Beaucoup d’institutions de micro-finance (IMF) ont été au départ des ONG de développement qui ont été amenées à diversifier leurs activités et se sont petit à petit consacrées à soutenir des activités génératrices de revenus. Simultanément des coopératives ou mutuelles ont commencé à octroyer également des microcrédits adossés à de l’épargne afin de répondre aux besoins de leurs membres. Petit à petit le secteur de la micro-finance s’est développé et s’est professionnalisé avec l’arrivée d’établissements bancaires qui ont adapté leurs produits au contexte et à l’échelle de la micro-finance aidée en cela par des OCI d’ici et d’Europe notamment.
Un paysage varié
Aujourd’hui le paysage de la micro-finance est très varié. Certaines de ces initiatives, en grandissant, ont changé de statut pour devenir de véritables institutions financières locales contrôlés par leurs membres. Aujourd’hui, en moyenne, ces dernières peuvent être financées à hauteur de 75% par du financement local et à 25% par des lignes de crédit provenant de fonds d’investissements coopératifs ou mixtes et des bailleurs internationaux (agences de développement et fondations).

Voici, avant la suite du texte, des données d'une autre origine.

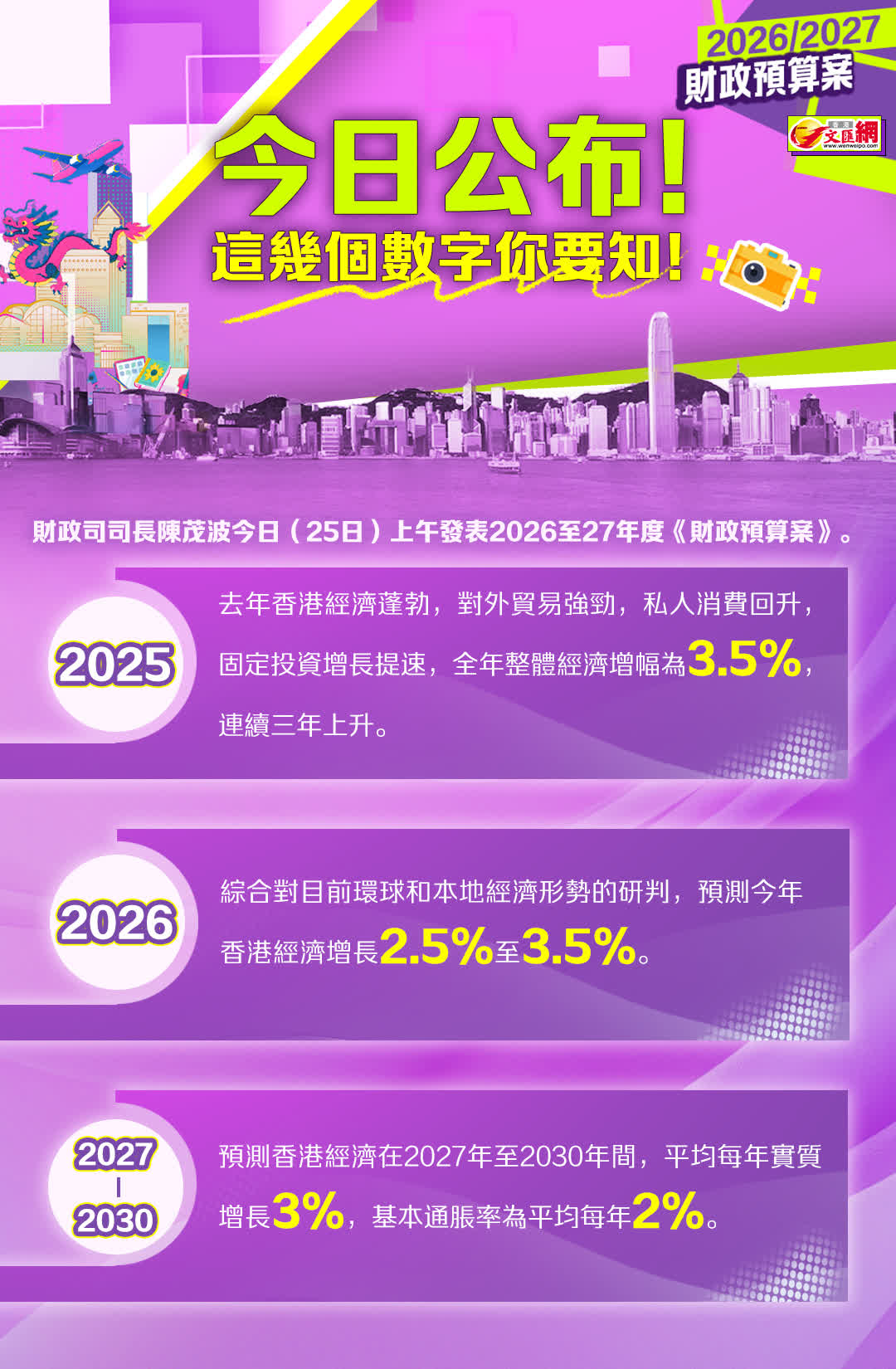財政司司長陳茂波今日(25日)上午發表2026至27年度《財政預算案》。

Plusieurs OCI au Québec peuvent s’emparer de cette stratégie de développement
Tout çà ne relève pas du simple dispositif financier à finalité sociale. Il amène avec lui un changement du paradigme de notre coopération avec le Sud: ne pas miser uniquement sur une logique de don. Miser aussi sur les épargnes collectives et individuelles des uns (au Nord) et des autres (au Sud) pour faire du développement dans leurs communautés et sortir de l’économie de subsistance. Une ONG de développement, une organisation paysanne, une coopérative de développement ou une association de quartier travaillant avec des OCI du Québec peuvent s’emparer de cette stratégie de développement qui permet de faire progresser le tissu économique collectif local. Ce qu’on appelle aussi le développement de l’intérieur, une économie de proximité «sédentaire» sur laquelle peut s’appuyer le développement social d’une communauté.
Et comme le local d’aujourd’hui est de plus en plus international, les initiatives les plus engagées dans cette dynamique se sont données un dispositif international qui les met en réseau. INAISE est un réseau d’une cinquantaine d’organisations de finance solidaire présentes dans une trentaine de pays d’Europe, d’Amérique latine et d’Afrique. MCE Conseils est le point de chute de cette organisation au Québec. Dossier à suivre avec l’AQOCI dans la foulée du rapport dévoilé par le ministre Lisée le 24 février dernier. Pour en savoir plus sur ce projet de fonds stratégique dédié, j’ai mis à jour le document que j’avais soumis au Comité conjoint à cet égard en juin dernier. Disponible sur le site de la CRDC dans sa page d’accueil, rubrique «Nouvelles publications».
Saviez-vous qu’au Québec nous avons aussi des organismes de microfinance locaux? Ils sont regroupés au sein du Réseau québécois du crédit communautaire rqcc.qc.ca. Fonds et cercles d’emprunt soutiennent le démarrage et l’expansion de nombreuses micro-entreprises au Québec, en milieu urbain mais aussi en milieu rural.Bien plus qu’un microprêt, ces organisations accompagnent les microentrepreneurs et sont un des facteurs de leur succès. Le Mouvement Desjardins est fier d’être l’un de leurs principaux partenaires et de soutenir leur action.